[Your instructions]:
Return the lines below exactly, from the first line to the line that contains "We send fully-equipped". Leave out pictures.

Data records
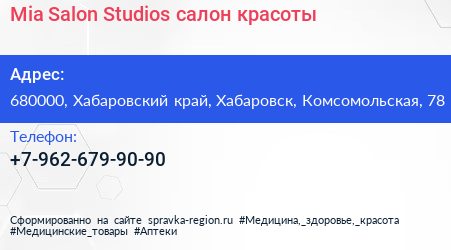 Mia Salon-Studios, салон красоты по адресу 680000, Хабаровский край, Хабаровск, Комсомольская, 78 в дальнейшем Организация, размещена в следующих категориях:
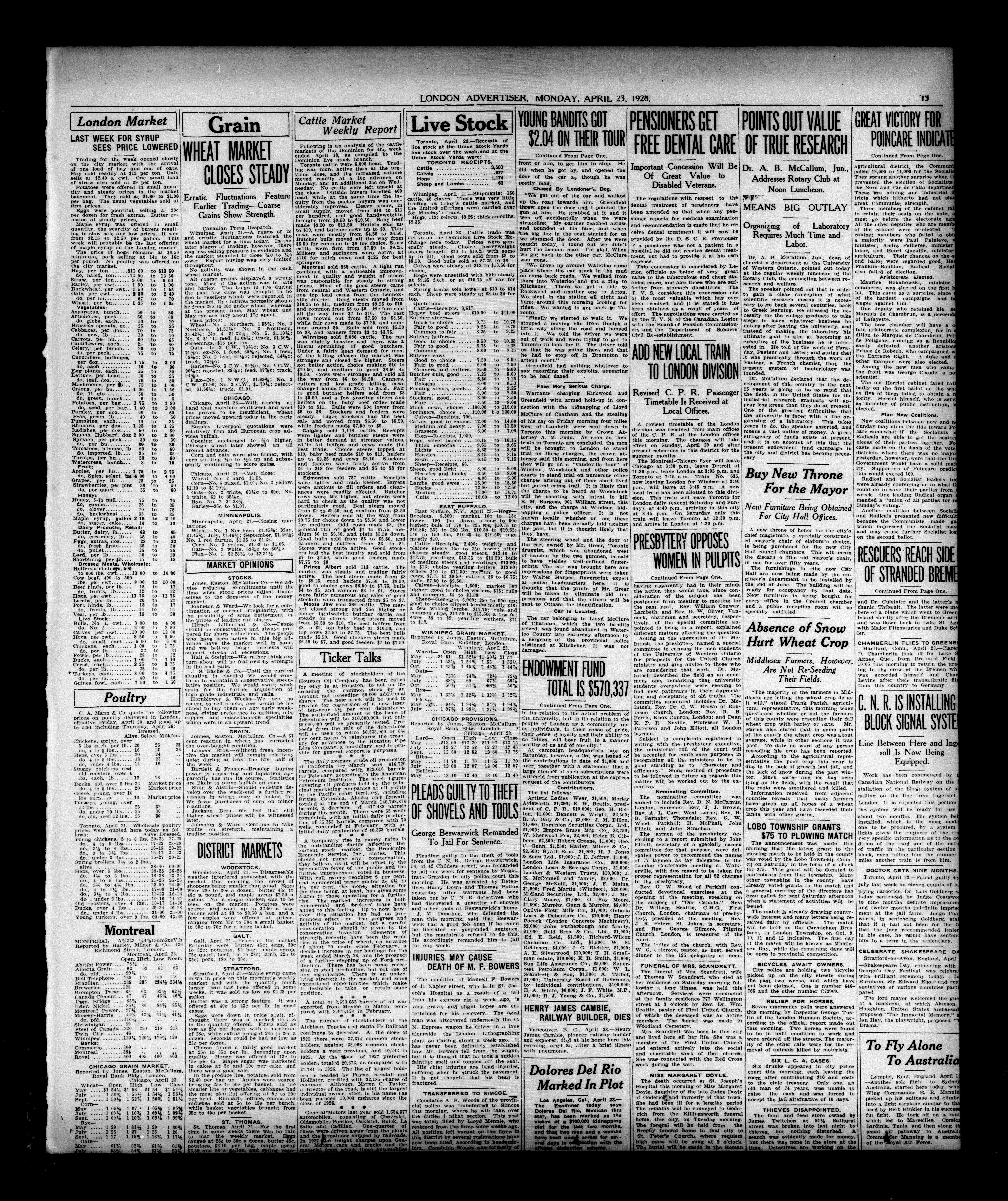 London, Ontario : London Advertiser Company, Limited, [1928]; 16 images, 0 avec recherche en texte intégral
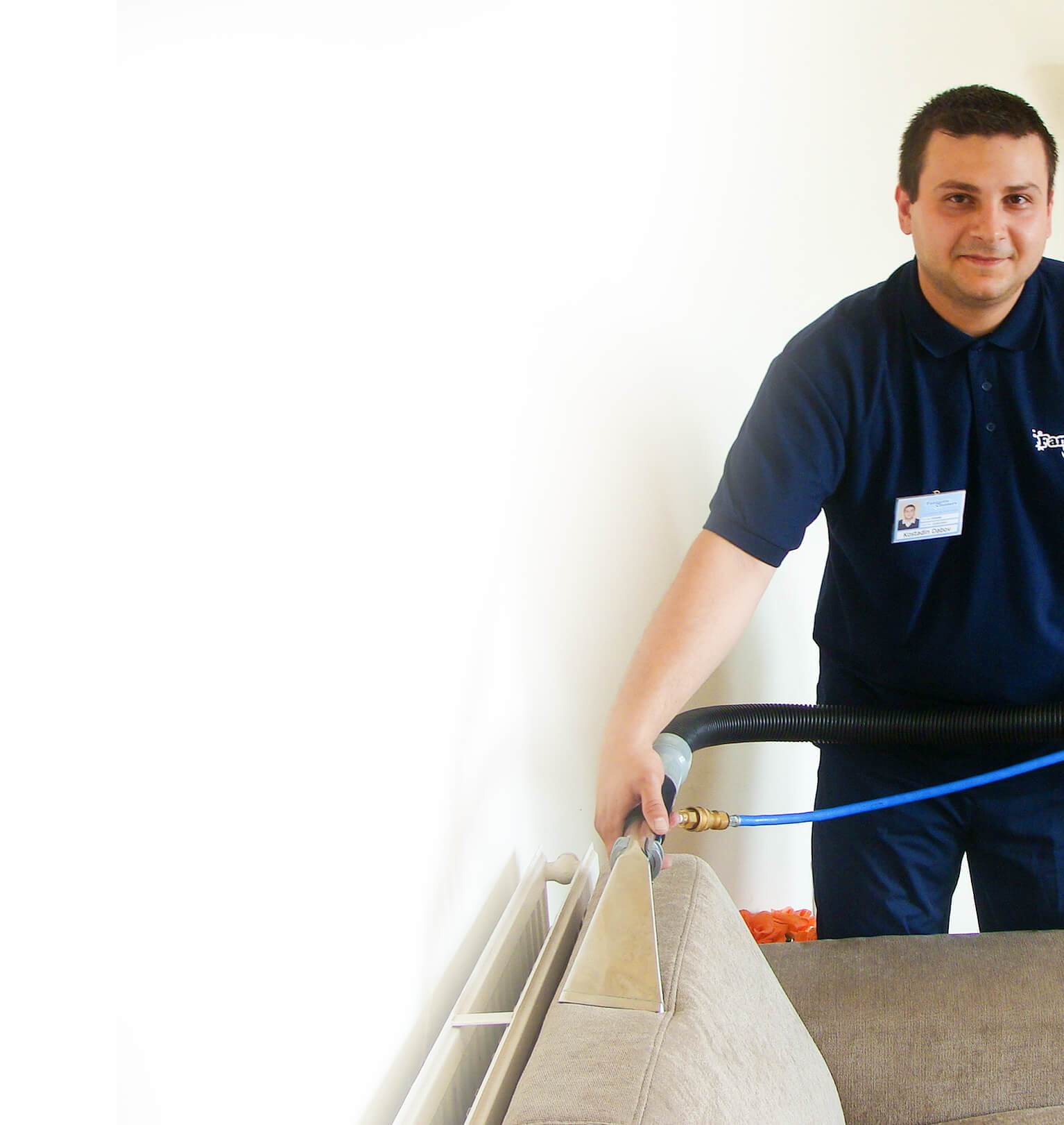 We send fully-equipped upholstery cleaners, so all you have to do is greet them and let them do their job.
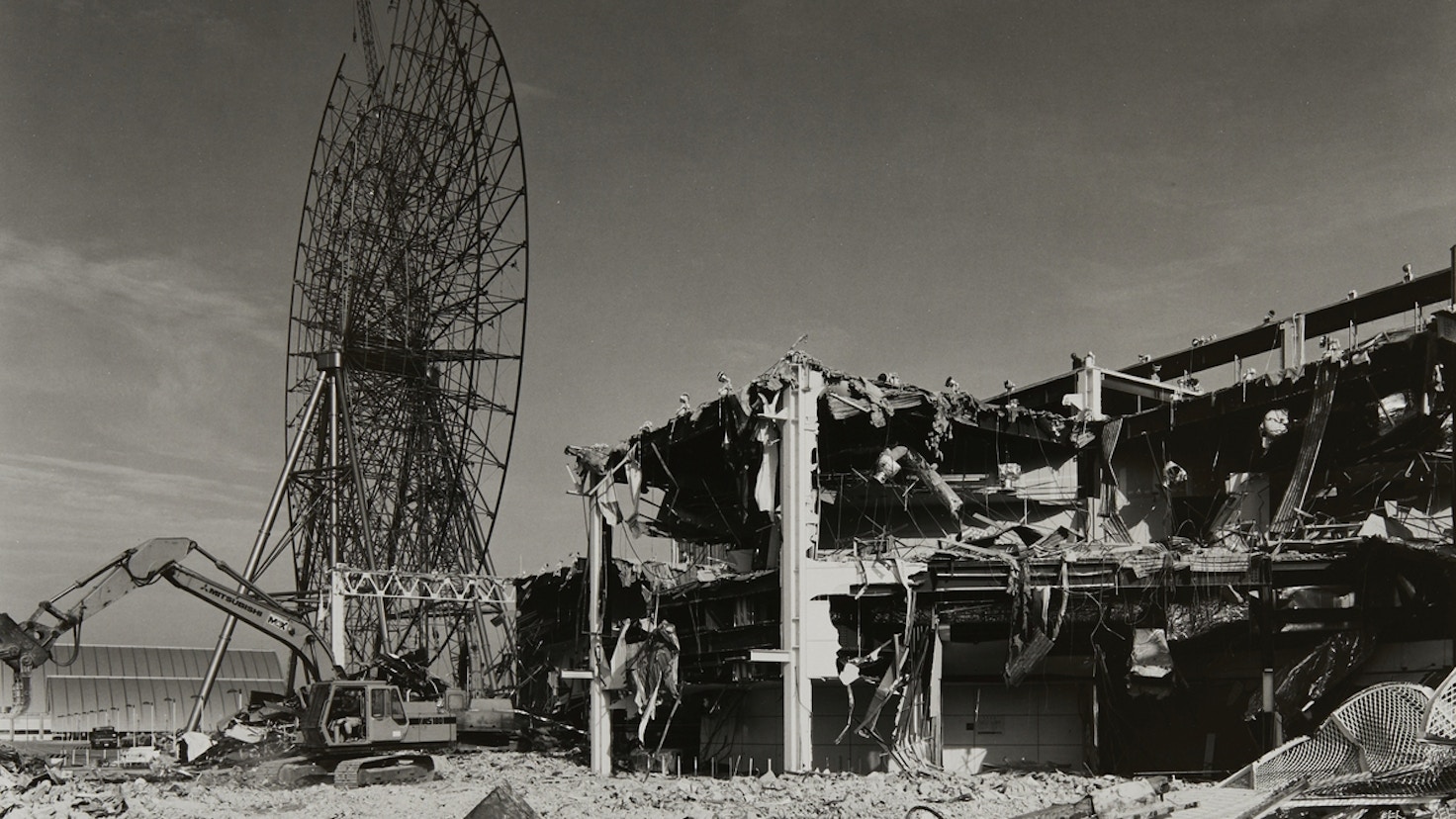 その後、ドイツにて遭遇したベルリン大劇場、壊すことを前提につくられたつくば科学万博パビリオン、劇場や競馬場、映画館の解体などを撮影した宮本。「『もの』としての建築の本質」を探求し、変貌する都市と建築を凝視した作品群は、86年の個展「建築の黙示録」で発表され、88年に同名作品集として出版された。解体による空間の変質そのものを正面からとらえた批評性を評価され、香港の高層スラム建築を舞台にした「九龍城砦」シリーズ(1989年に展示・出版)とあわせて、木村伊兵衛写真賞受賞を果たした。
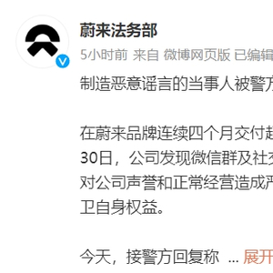 造谣“蔚来破产”当事人已被缉拿
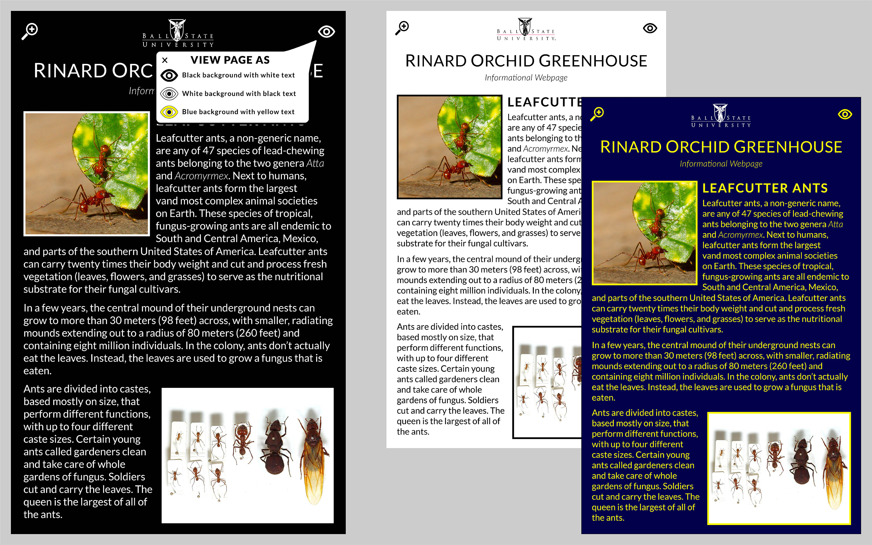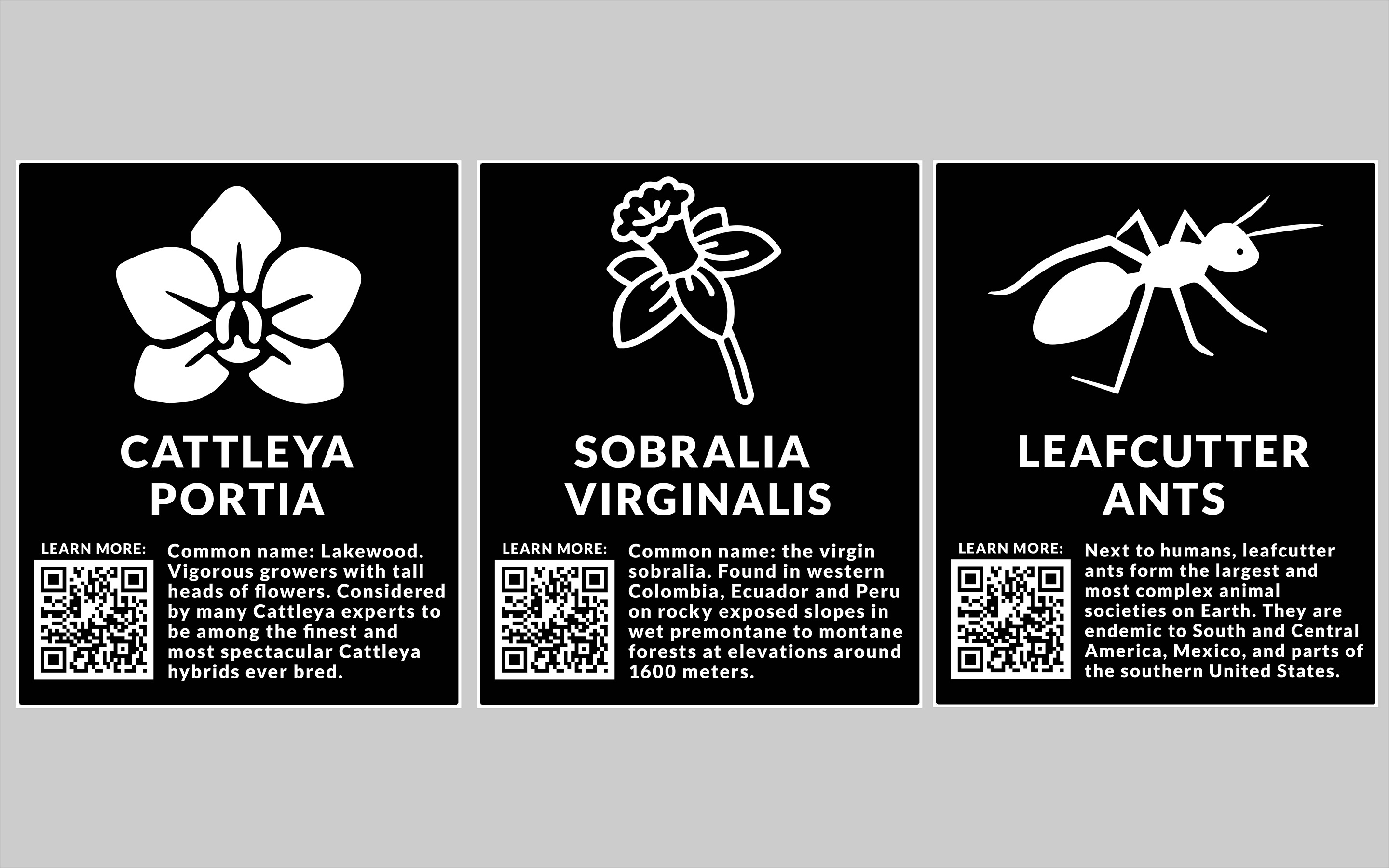 This project is an accessible design concept I proposed to the Rinard Orchid Greenhouse at Ball State University. Greenhouses are an extremely useful resource to the general public, but people with certain impairments face challenges in areas like these and rely on accessible design to guide them through unfamiliar areas. I chose to create signage that caters to people with sight disabilities. The signs include a QR code that takes guests to an informational webpage about the object allowing them to learn more about the displays with the aid of their phones.
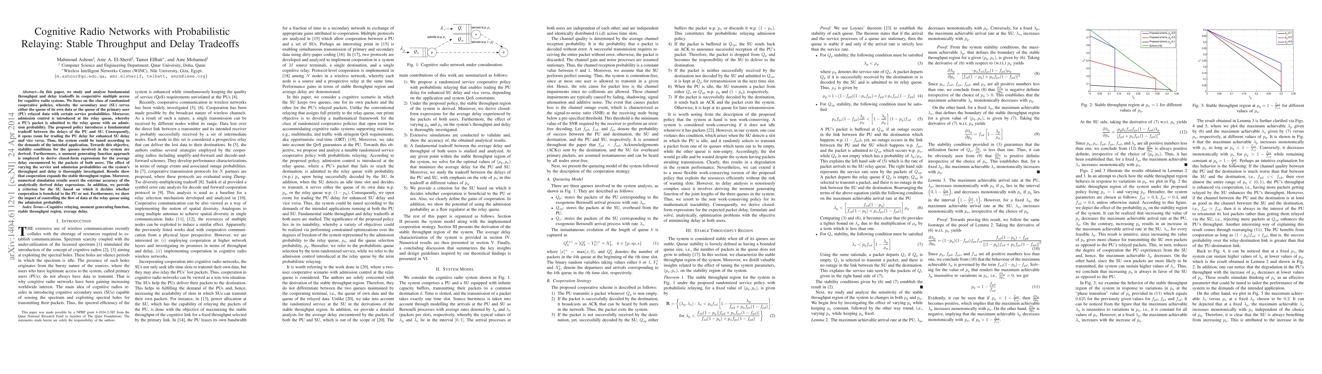 This paper explores throughput and delay tradeoffs in cognitive radio networks using probabilistic relaying. It introduces a cooperative policy where secondary users can serve either their own data or primary user relayed data with certain probabilities, and employs admission control at the relay queue. The analysis reveals a fundamental delay tradeoff between primary and secondary users, enabling system tuning based on application needs, and provides stability conditions and closed-form expressions for average delay.

[Response below]:
 Mia Salon-Studios, салон красоты по адресу 680000, Хабаровский край, Хабаровск, Комсомольская, 78 в дальнейшем Организация, размещена в следующих категориях:
 London, Ontario : London Advertiser Company, Limited, [1928]; 16 images, 0 avec recherche en texte intégral
 We send fully-equipped upholstery cleaners, so all you have to do is greet them and let them do their job.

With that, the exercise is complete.